> [What you will do]:
If a line below falls between the line with "寧夏石嘴山市平羅縣沙湖景區(qū)(新華社記者馮開華 攝)" and the line with "One Ladies Rolex", or is one of those two, output it exactly; output nothing else and no pictures.

> [Record excerpts]:

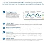 Aunque no incluye funciones avanzadas como temporizador o deshumidificación, su enfoque en ofrecer aire frío y ventilación hace de este aire acondicionado una opción confiable y funcional. Alaska se ha ganado una reputación sólida en el mercado por su calidad y durabilidad, garantizando que este modelo satisfaga tus necesidades de climatización sin complicaciones.
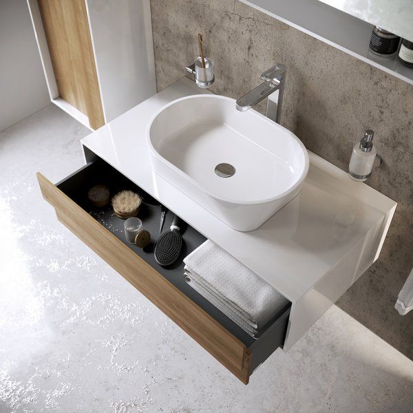 - aксессуары: умывальник для столешницы, мебельный сифон, смеситель для умывальника
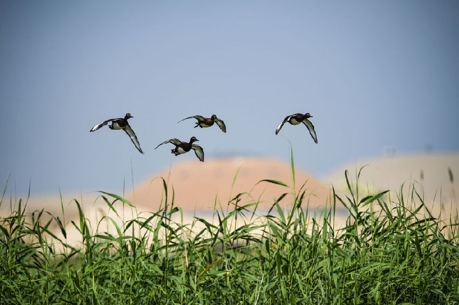 寧夏石嘴山市平羅縣沙湖景區(qū)(新華社記者馮開華 攝)
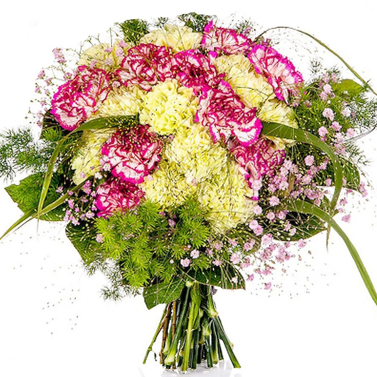 Naše pestrá kytice z karafiátů zaujme jemným propojením bílé a sytě růžové barvy, doplněné vzdušnou gypsophilou a svěží zelení. Kombinace těchto květin vytváří harmonickou a optimistickou atmosféru, která se skvěle hodí jako překvapení k narozeninám i milé pozornosti pro každodenní potěšení. Každý detail kytice pečlivě ladíme, abychom umocnili její svěžest a elegantní dojem. Využíváme pouze profesionálně uvázané květiny a dbáme na bezchybnou formu předání. Doručujeme v den objednávky během pracovních dnů, samozřejmostí je možnost objednat přesný čas doručení i potvrzení doručení e-mailem.
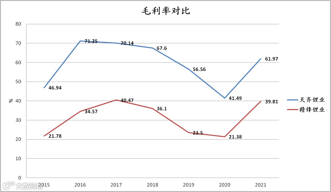 赣锋锂业的锂矿主要用于自供,目前自给率只有40%左右,而天齐锂业家境富裕,不仅原料自给率达到100%,还可直接对外出售锂矿石。也因此,赣锋锂业的利润率一直做不过天齐锂业,且当锂进入上行周期后,拥有更多上游资源的天齐锂业的盈利弹性天然好于赣锋锂业。
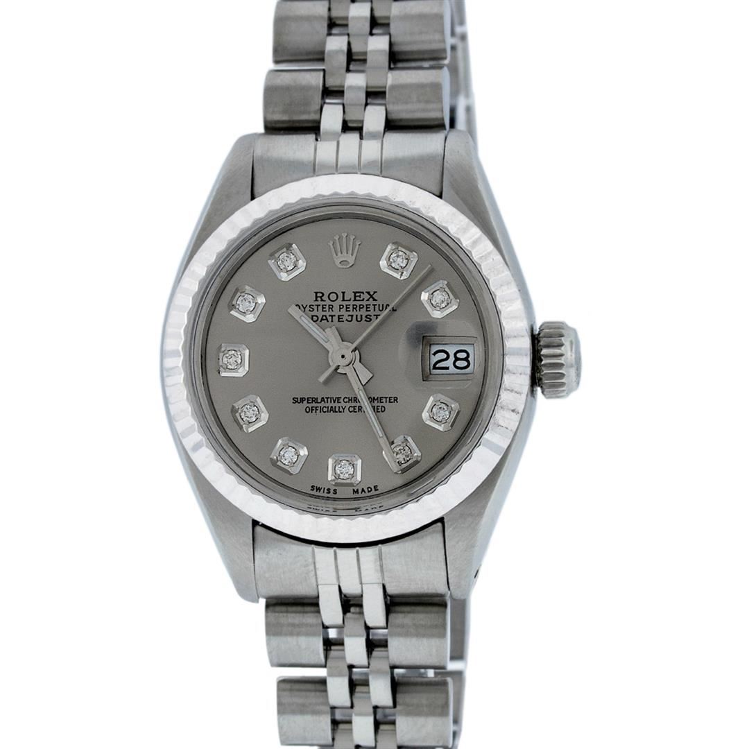 One Ladies Rolex Datejust Polished Bright with Satin Finish, Serviced & Electronically Tested, Stainless Steel Case:26mm, Stainless Steel Crown, Bezel: 14K White Gold Fluted. Custom Crystal: Acrylic Cyclops Lens. Movement: Automatic Winding Movement Caliber 2030. Custom Dial: Slate Grey With Diamond Hour Markers, Diamond Count: 10 Diamonds, Clarity: SI-VS, Color: G to H. Date Window: 3 O'Clock Position Date Display, Model: Datejust. Condition: G-6 Extra Fine. Bracelet: Stainless Steel Jubilee Band. Bright Polish & Satin Finish. 6.0 Inch Length, Adjustable. Standard Clasp, With Rolex Logo.
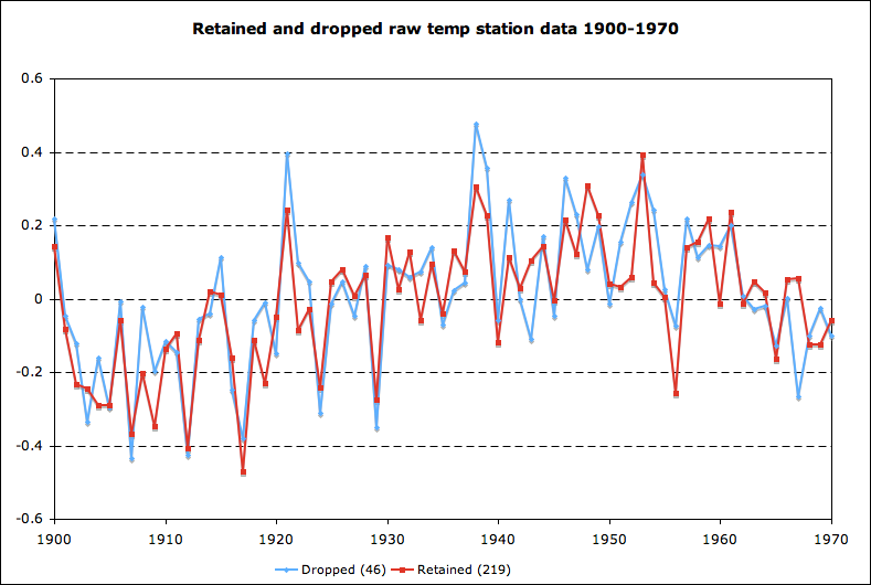 Working on writing up something more detailed on the whole “cold stations deleted” meme, but here is some food for thought in the mean time: a chart of raw data from all stations with a continuous 1900-1970 record that were removed post-1970 and those that were not removed post-1970. If the stations removals were chosen to leave a warm bias in the remaining stations, you would have expected a fair bit of divergence prior to removal (as it would be the criteria for removal). Looks to me like they track pretty well.
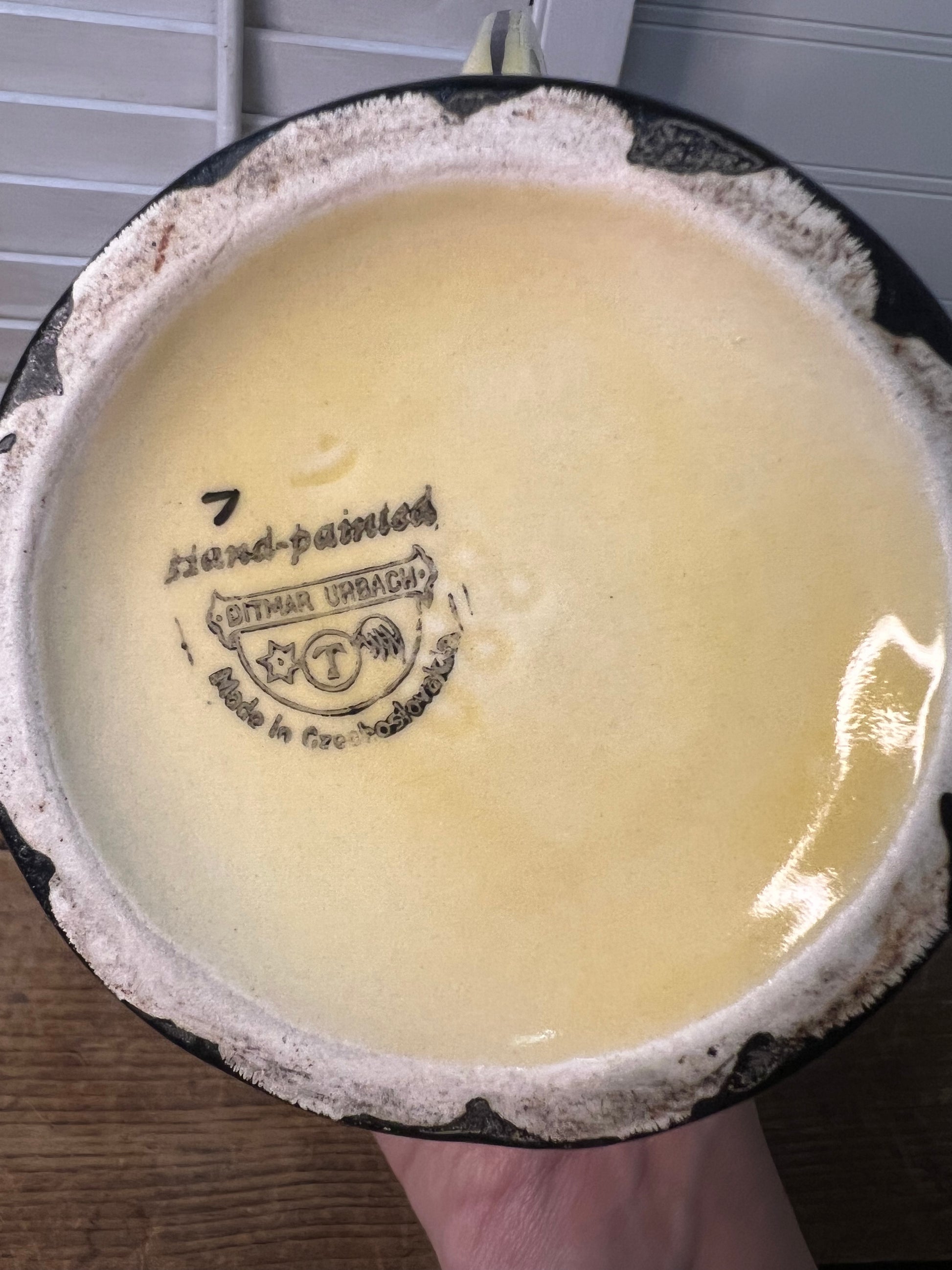 This is an absolutely beautiful picture that any collector will appreciate its beauty and rarity. This pitcher was produced in the 1930s.It is hand painted in beautiful Yellow Red and Black. 880 is stamped in the glaze at the bottom. It is in very good condition with no cracks or paint loss and no crazing, but has one very tiny chip at the top inner rim of the spout. See photos. It stands roughly 9 3/8 inches high.
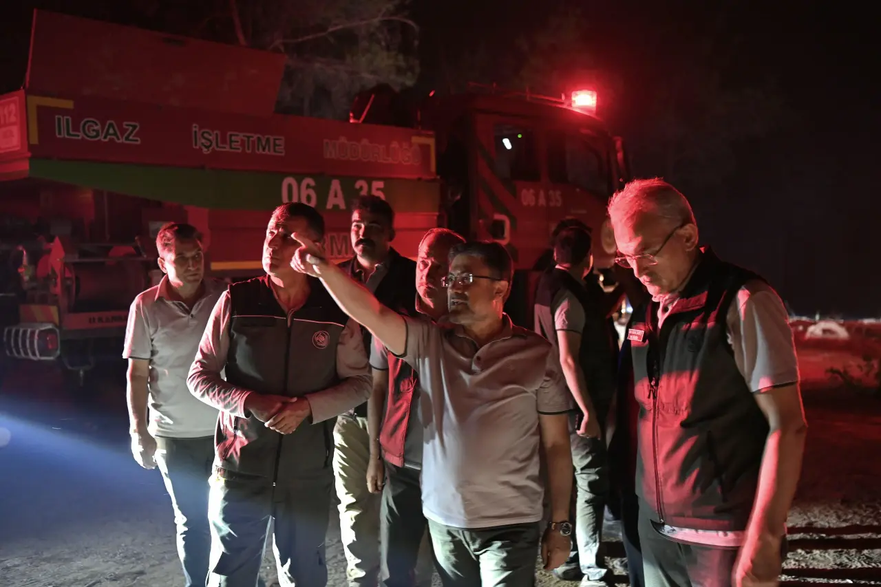 Koordinasyon merkezindeki incelemelerinin ardından gece yangınla mücadele eden ekiplerle bir araya gelen Yumaklı, telsizden personele seslenerek, “Bu memleketin bir tek dalına zarar gelmesin diye canınızı ortaya koyuyorsunuz. Hepinizin gözlerinden öpüyorum, Allah’a emanet olun,” dedi.

> [Task answer]:
 寧夏石嘴山市平羅縣沙湖景區(qū)(新華社記者馮開華 攝)
 Naše pestrá kytice z karafiátů zaujme jemným propojením bílé a sytě růžové barvy, doplněné vzdušnou gypsophilou a svěží zelení. Kombinace těchto květin vytváří harmonickou a optimistickou atmosféru, která se skvěle hodí jako překvapení k narozeninám i milé pozornosti pro každodenní potěšení. Každý detail kytice pečlivě ladíme, abychom umocnili její svěžest a elegantní dojem. Využíváme pouze profesionálně uvázané květiny a dbáme na bezchybnou formu předání. Doručujeme v den objednávky během pracovních dnů, samozřejmostí je možnost objednat přesný čas doručení i potvrzení doručení e-mailem.
 赣锋锂业的锂矿主要用于自供,目前自给率只有40%左右,而天齐锂业家境富裕,不仅原料自给率达到100%,还可直接对外出售锂矿石。也因此,赣锋锂业的利润率一直做不过天齐锂业,且当锂进入上行周期后,拥有更多上游资源的天齐锂业的盈利弹性天然好于赣锋锂业。
 One Ladies Rolex Datejust Polished Bright with Satin Finish, Serviced & Electronically Tested, Stainless Steel Case:26mm, Stainless Steel Crown, Bezel: 14K White Gold Fluted. Custom Crystal: Acrylic Cyclops Lens. Movement: Automatic Winding Movement Caliber 2030. Custom Dial: Slate Grey With Diamond Hour Markers, Diamond Count: 10 Diamonds, Clarity: SI-VS, Color: G to H. Date Window: 3 O'Clock Position Date Display, Model: Datejust. Condition: G-6 Extra Fine. Bracelet: Stainless Steel Jubilee Band. Bright Polish & Satin Finish. 6.0 Inch Length, Adjustable. Standard Clasp, With Rolex Logo.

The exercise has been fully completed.